Strip tillage seed drill manufacturer, Claydon Yield-o-Meter Limited alleged that Mzuri’s popular Pro-Til and Pro-Til Select single pass drills infringed their UK patent no. 2,400,296 and their European patent no. 2,051,576.

Maintaining that there was no infringement of the claimant’s patents, Mzuri’s defence at trial also included arguments that the patents were invalid due to lack of inventiveness over existing prior art and prior use of the invention contained in the UK patent in public.

The patents related to the configuration of inline tines for cultivating and seeding in one pass, which is a concept that Mzuri believes dates to the earliest seed drills in history.

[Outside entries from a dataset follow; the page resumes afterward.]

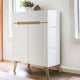 تتكون الجزامة من درج علوي وضلفتين قلاب بتصميم بسيط وأنيق، وترتكز على أرجل ديكورية من خشب الزان الطبيعي لتمنحها ثباتًا وأناقة إضافية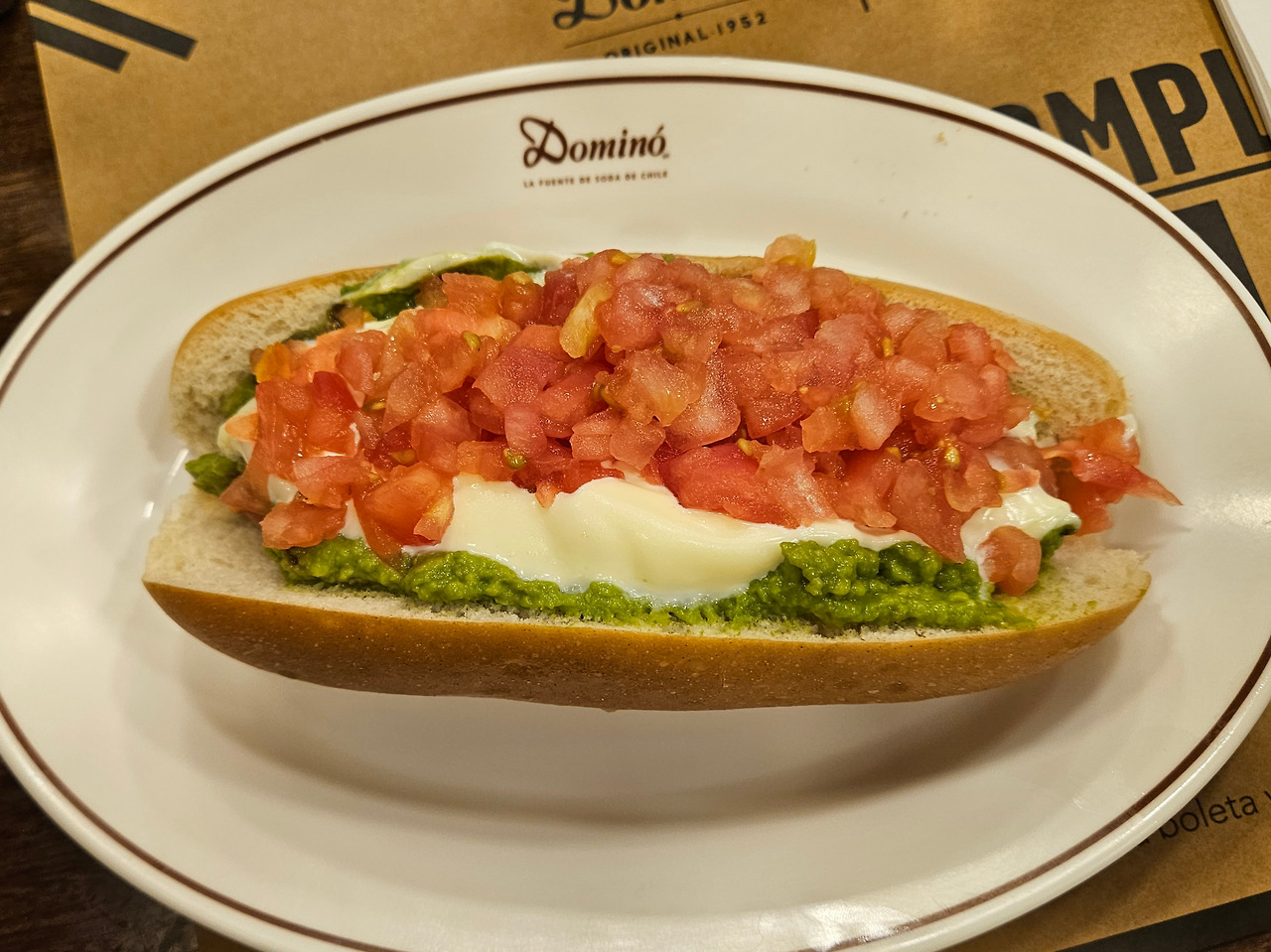 10분 거리 식당에 무려 30분 만에 도착하고 말았다. 이제 남은 시간은 30분 남짓, 이성적인 여행자라면 아마도 산타루시아 언덕을 포기하고 여유롭게 식사를 한 후 우버를 타고 공항으로 이동했을 것이다. 하지만 나는 이미 이성을 잃은 상태였다. 그 무엇도 포기하고 싶지 않은 광기에 사로잡혔달까. 여기저기 정신이 팔려 시간을 다 까먹은 만큼 초스피드로 끼니를 해결하는 수밖에 없었다. D가 알려준 식당 'Domino'는 칠레식 샌드위치를 파는 체인점인데, 현지인들로 가득 차 있는 것으로 보아 맛집이 분명했다. 이곳은 수도이지만 영어가 1도 안 통한다. 번역기를 켜고 여기서 가장 잘 팔리는 메뉴를 추천해 달라고 했다.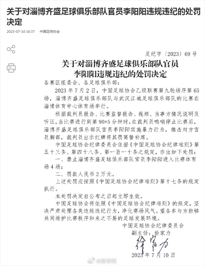 ·中國(guó)足協(xié)再開罰單,兩名俱樂部官員因違規(guī)違紀(jì)被罰。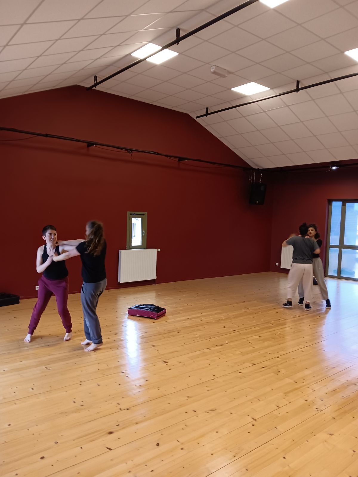 Stage de découverte du Krav Maga avec la Compagnie de danse Daruma Milène Duhameau, dans le cadre de la préparation de leur prochaine chorégraphie "Yes, we fight !" qui devrait être finalisée en mars 2025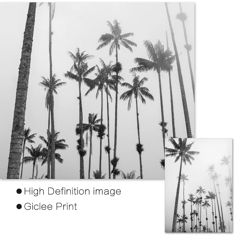 Черно-белые пальмовые плакаты с деревом пляж холст живопись и печат...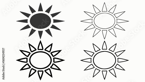 Four Sun Icons Variations Flat Minimalist Radial Rays Black Gray White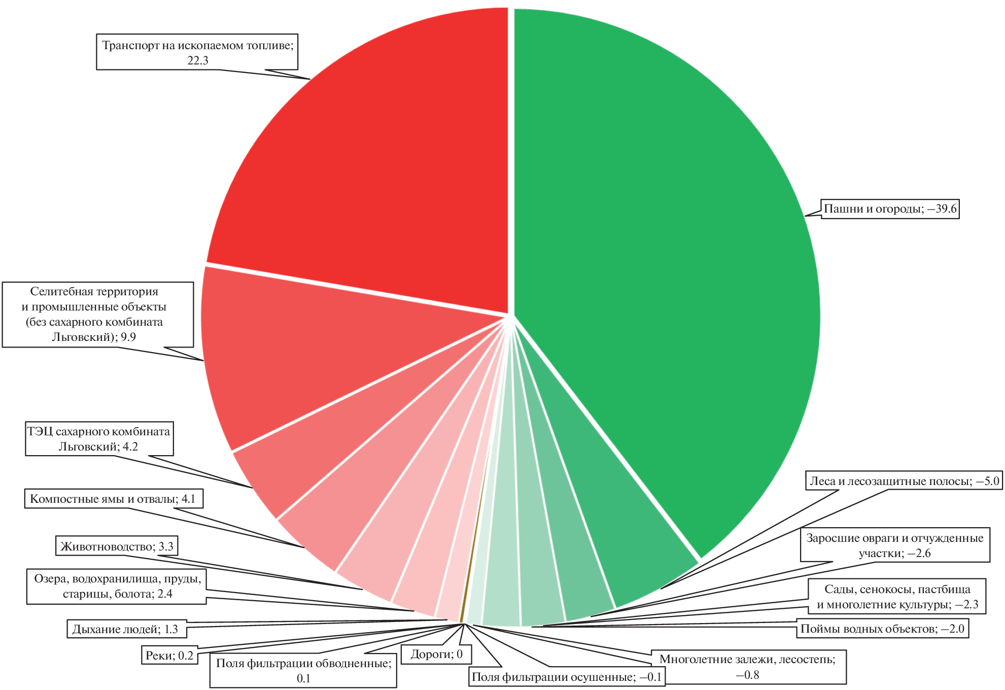 A comprehensive study of the net carbon balance of Lgov administrative district (Kursk oblast) in the Chernozem zone of the European part of Russia is carried out. The data sources included field estimates of carbon dioxide and methane exchange between soil and atmosphere, above- and below-ground phytomass stocks, simulation models parameterized on these data, official statistical and meteorological information, and published scientific data. Watered filtration fields of waste disposal sites of sugar industry are responsible for 26% of CH4 emissions from the territory of the district, although they occupy only 0.04% of its area. The maximum of CO2 emission is found at volumetric soil moisture of 30%, whereas, with exceeding this value, methane emission begins to rise linearly, reaching a maximum on the open surface of water reservoirs, and among them – on watered filtration fields. Another significant local source of methane is compost storages (22%). However, water reservoirs and ponds are the largest source of CH4 (43%). Amongst the net sources of CO2 the combustion of fossil fuels by transport and agriculture machinery predominates (22.3%). In contrast to methane, which emission is mainly determined by powerful point sources, the input of net fluxes of CO2 positively correlates with their area. Currently observed low rate net CO2 flux in the district area (–6.4 g C m–2 per year), is decisively overlapped by local methane sources (+95 g C (CO2-eq.) m–2 per year). The influence of the types of land use and methods of calculation on the C-balance of the territory in study, and a way of its transformation into a carbon-neutral state are discussed.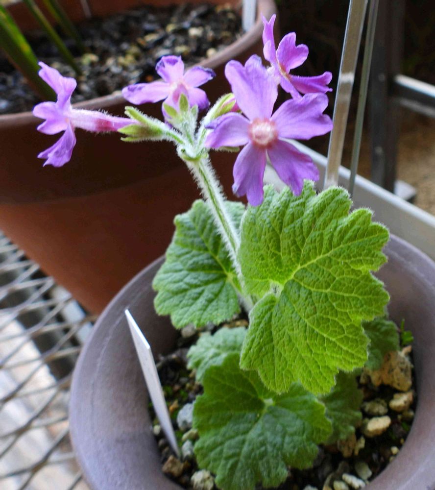 花柄や葉柄に白い長毛があり、葉の形も普通のサクラソウと違います。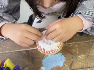 ほかの工作ではカップのような材料を使ってケーキを表現したり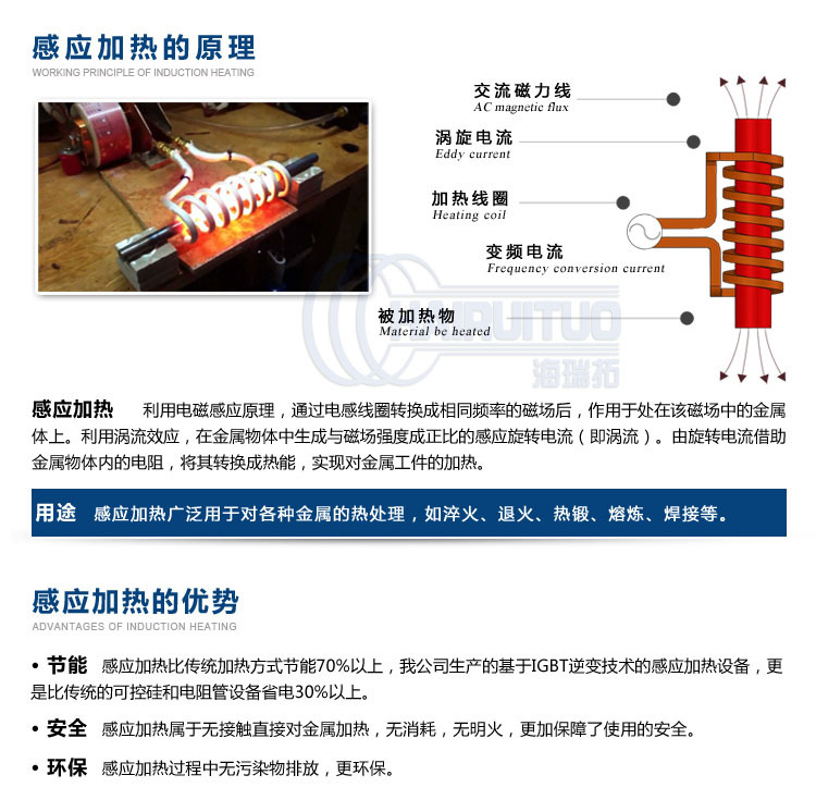 高頻大電流流向被繞制成環狀或其它形狀的加熱線圈(通常是用紫銅管制作),由此在線圈內產生極性瞬間變化的強磁束,將金屬等被加熱物質放置在線圈內,磁束就會貫通整個被加熱物質,在被加熱物質內部與加熱電流相反的方向產生很大的渦電流,由于被加熱物質內的電阻產生焦耳熱,使物質自身的溫度迅速上升從而達到加熱的效果。

Speaking for Mzuri, Martin Lole describes the 3-year long court case as entirely avoidable and detrimental to agricultural innovation in the UK.

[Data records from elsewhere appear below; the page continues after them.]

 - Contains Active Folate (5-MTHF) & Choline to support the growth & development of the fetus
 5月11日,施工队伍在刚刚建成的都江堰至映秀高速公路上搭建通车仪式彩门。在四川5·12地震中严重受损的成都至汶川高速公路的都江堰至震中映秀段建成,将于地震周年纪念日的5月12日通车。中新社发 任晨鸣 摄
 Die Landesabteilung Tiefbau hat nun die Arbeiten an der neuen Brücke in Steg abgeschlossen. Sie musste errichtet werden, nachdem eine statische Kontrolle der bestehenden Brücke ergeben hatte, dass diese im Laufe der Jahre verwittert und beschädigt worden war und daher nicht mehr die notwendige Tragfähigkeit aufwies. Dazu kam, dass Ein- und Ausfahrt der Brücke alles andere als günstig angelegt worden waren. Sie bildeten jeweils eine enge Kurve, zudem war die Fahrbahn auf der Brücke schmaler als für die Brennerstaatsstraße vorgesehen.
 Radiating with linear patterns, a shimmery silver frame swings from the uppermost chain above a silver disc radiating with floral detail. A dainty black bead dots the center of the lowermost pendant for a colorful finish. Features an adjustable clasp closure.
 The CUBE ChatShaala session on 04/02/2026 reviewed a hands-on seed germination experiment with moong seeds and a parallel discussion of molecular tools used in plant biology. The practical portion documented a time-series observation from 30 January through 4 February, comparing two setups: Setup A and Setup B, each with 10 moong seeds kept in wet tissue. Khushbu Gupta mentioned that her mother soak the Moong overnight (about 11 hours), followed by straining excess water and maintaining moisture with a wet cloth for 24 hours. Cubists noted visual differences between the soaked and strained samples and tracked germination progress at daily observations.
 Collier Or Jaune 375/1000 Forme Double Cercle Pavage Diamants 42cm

“We have been disappointed to have been the target of a court case brought about by another British manufacturer, which sought to claim damages and prevent us from selling our flagship product into the market.” Says Mr Lole.

“Single pass technology such as one tine in front of another has been around for many years, even documented by early innovators such as Jethro Tull and has been popular (particularly in the US) for some time prior to the patent priority date. We have always maintained that we do not infringe the Claydon patents, and it is very sad that this whole thing which has been entirely unnecessary could have been easily avoided.”

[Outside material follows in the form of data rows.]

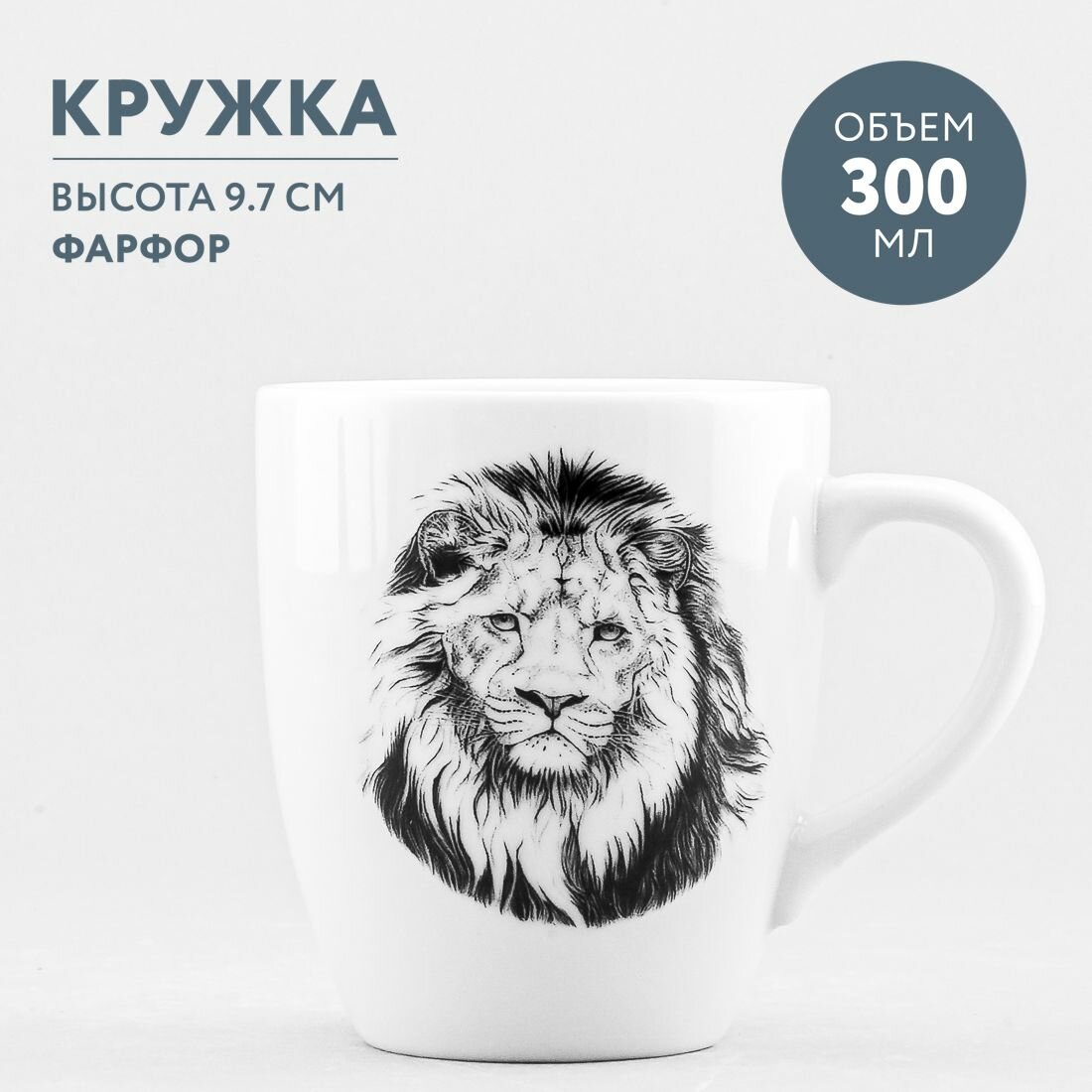 Кружка для чая и кофе фарфоровая 300 мл Добрушский фарфор Лев интересное: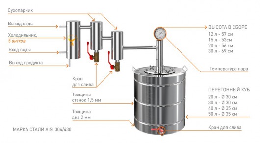 Это небольшое устройство подходит для домашнего использования. Работа с ним не требует дополнительных навыков или сложного обучения. Достаточно залить брагу и поставить аппарат на плиту.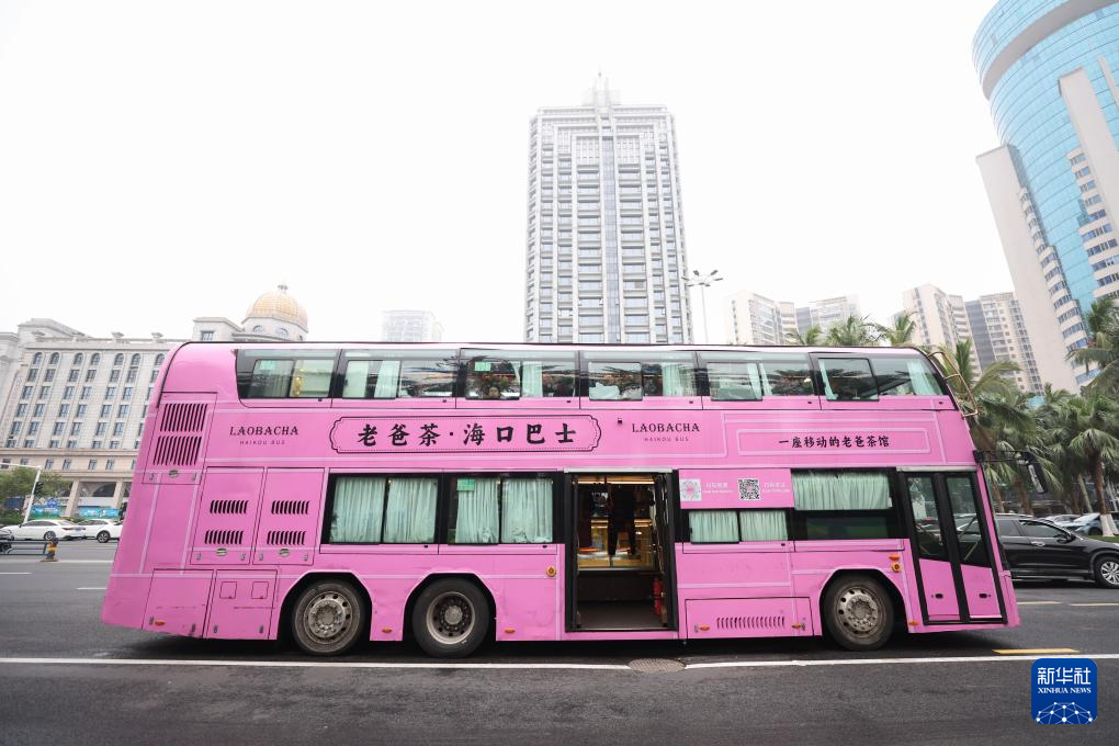老爸茶・海口バスの消費財博覧会シャトルバス、海口の魅力を伝える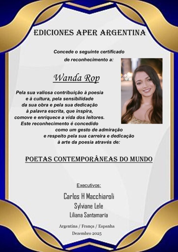 Receber este honroso certificado de reconhecimento das Ediciones APER Argentina, testemunhando o valor de minha jornada na poesia e na cultura, é para mim um momento de inefável felicidade e comovente gratidão.✨🪶📜

“Despite our best efforts to discuss the disagreement openly and honestly, Claydon were determined to draw it out into a lengthy and costly legal battle which served no one.”

“I would like to sympathise with those customers who were inaccurately warned off buying a Mzuri Pro-Til for risk of infringing patents which were, as we now know, invalid.”

After the three-day hearing, the Judge handed down the decision on 22nd April 2021 that the patents are to be revoked due to a combination of a lack of inventiveness over existing prior art and prior use of the invention in public.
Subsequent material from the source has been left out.